*RAW DATA*:
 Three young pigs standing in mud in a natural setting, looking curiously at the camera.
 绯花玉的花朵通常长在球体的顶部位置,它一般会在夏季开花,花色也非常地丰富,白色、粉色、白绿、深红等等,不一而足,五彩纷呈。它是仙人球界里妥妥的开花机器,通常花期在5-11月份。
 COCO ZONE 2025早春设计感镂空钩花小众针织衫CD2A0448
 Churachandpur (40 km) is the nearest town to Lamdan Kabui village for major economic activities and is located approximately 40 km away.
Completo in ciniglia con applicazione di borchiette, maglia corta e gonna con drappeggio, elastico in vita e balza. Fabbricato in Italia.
==
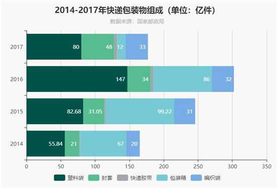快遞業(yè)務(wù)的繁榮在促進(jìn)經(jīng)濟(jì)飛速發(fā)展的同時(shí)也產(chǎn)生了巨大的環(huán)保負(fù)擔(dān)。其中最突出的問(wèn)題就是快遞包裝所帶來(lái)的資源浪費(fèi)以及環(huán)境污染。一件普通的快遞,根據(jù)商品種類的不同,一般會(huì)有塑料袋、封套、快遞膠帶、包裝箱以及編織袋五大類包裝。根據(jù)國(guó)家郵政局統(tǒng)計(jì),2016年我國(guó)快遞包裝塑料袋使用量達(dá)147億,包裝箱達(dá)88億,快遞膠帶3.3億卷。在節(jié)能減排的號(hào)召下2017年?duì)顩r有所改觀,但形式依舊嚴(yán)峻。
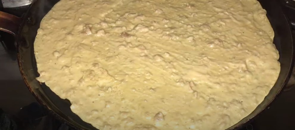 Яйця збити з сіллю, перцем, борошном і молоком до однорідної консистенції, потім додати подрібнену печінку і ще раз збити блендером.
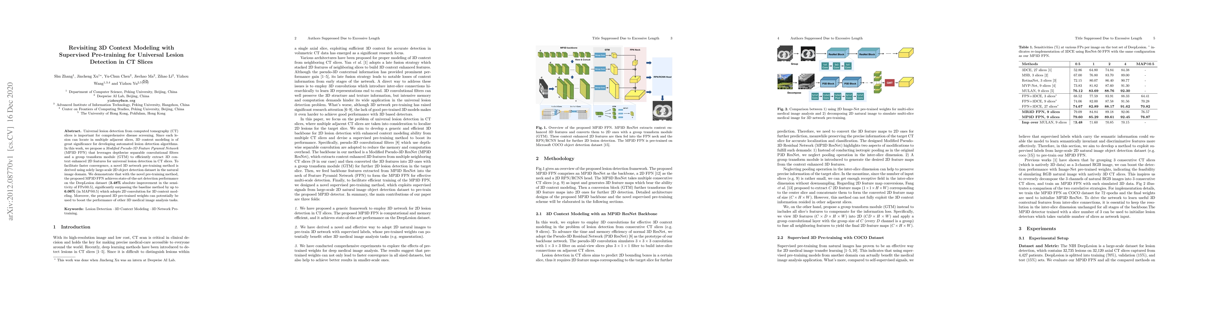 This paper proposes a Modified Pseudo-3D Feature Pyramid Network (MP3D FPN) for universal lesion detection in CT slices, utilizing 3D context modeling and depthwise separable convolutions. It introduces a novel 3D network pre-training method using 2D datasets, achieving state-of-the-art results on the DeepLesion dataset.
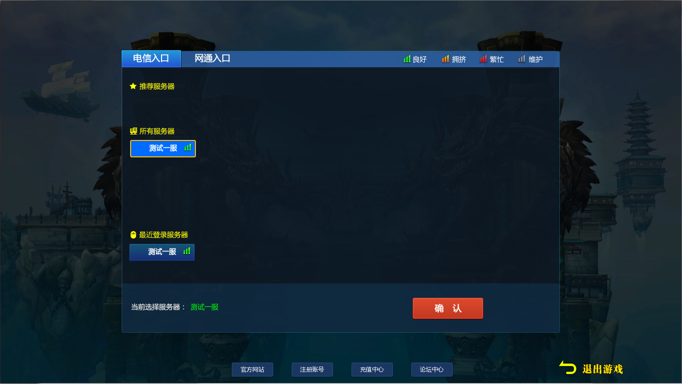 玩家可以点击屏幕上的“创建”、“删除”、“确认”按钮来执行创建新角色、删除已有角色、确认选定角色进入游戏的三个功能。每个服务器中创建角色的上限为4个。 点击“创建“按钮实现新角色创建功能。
==
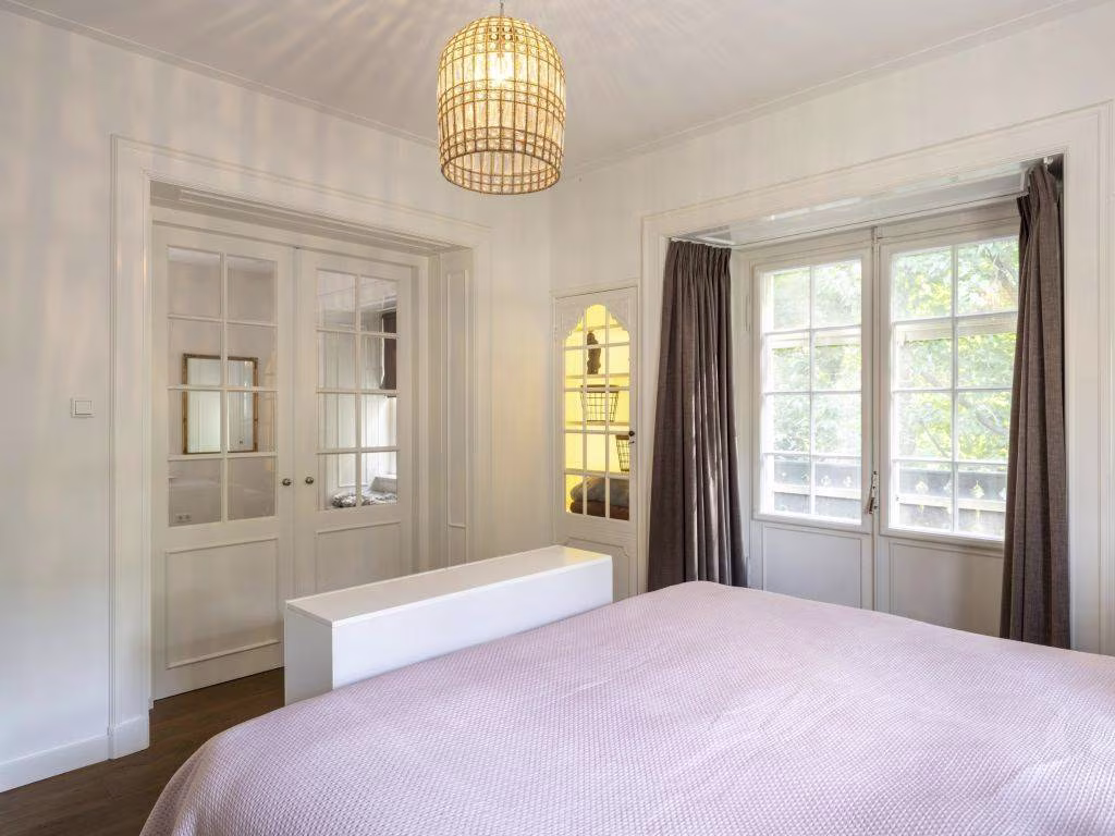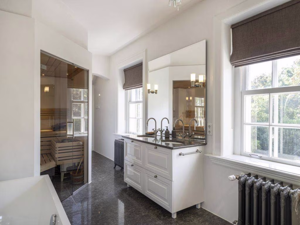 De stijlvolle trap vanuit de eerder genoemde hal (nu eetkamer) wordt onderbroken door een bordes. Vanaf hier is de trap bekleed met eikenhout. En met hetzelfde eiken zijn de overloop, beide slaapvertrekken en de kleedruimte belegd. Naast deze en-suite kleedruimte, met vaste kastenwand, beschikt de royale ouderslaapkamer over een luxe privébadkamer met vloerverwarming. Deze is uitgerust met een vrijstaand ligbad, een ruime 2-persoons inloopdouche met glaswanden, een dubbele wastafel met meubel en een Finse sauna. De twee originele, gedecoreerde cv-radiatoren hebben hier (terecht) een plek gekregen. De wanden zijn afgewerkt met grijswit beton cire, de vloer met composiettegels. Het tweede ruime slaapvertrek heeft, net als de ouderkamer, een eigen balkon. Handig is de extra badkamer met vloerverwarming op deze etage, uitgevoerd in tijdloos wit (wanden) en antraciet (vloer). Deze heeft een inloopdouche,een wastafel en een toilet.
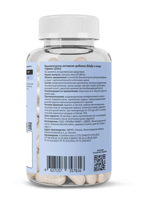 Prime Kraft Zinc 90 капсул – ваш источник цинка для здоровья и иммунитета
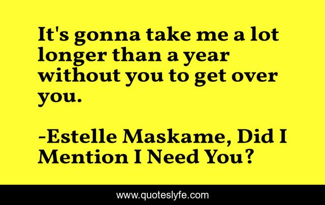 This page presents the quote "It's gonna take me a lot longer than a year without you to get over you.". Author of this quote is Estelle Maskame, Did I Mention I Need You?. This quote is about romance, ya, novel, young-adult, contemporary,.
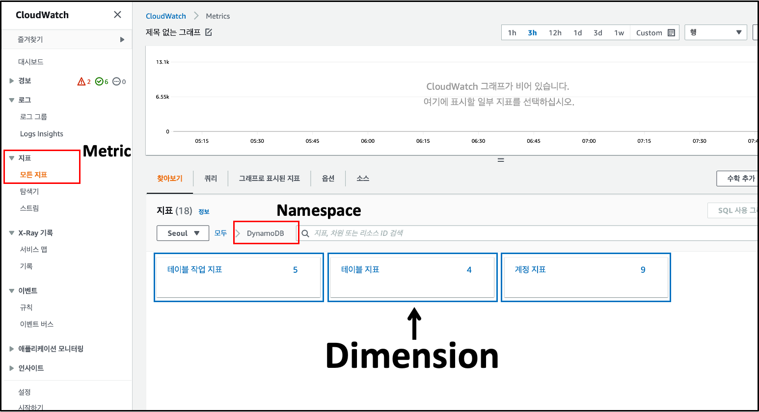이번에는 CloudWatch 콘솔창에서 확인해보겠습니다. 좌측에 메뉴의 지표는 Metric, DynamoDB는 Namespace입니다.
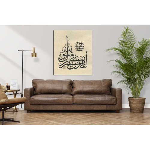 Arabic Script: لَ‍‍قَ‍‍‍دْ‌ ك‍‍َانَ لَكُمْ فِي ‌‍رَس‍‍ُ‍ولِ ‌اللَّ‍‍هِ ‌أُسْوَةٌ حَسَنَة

*GOAL OF THE EXERCISE*:
From the material above, set down exactly the lines starting at the one with "绯花玉的花朵通常长在球体的顶" and ending at the one with "Completo in ciniglia", end lines included.

*FINISHED TASK*:
 绯花玉的花朵通常长在球体的顶部位置,它一般会在夏季开花,花色也非常地丰富,白色、粉色、白绿、深红等等,不一而足,五彩纷呈。它是仙人球界里妥妥的开花机器,通常花期在5-11月份。
 COCO ZONE 2025早春设计感镂空钩花小众针织衫CD2A0448
 Churachandpur (40 km) is the nearest town to Lamdan Kabui village for major economic activities and is located approximately 40 km away.
Completo in ciniglia con applicazione di borchiette, maglia corta e gonna con drappeggio, elastico in vita e balza. Fabbricato in Italia.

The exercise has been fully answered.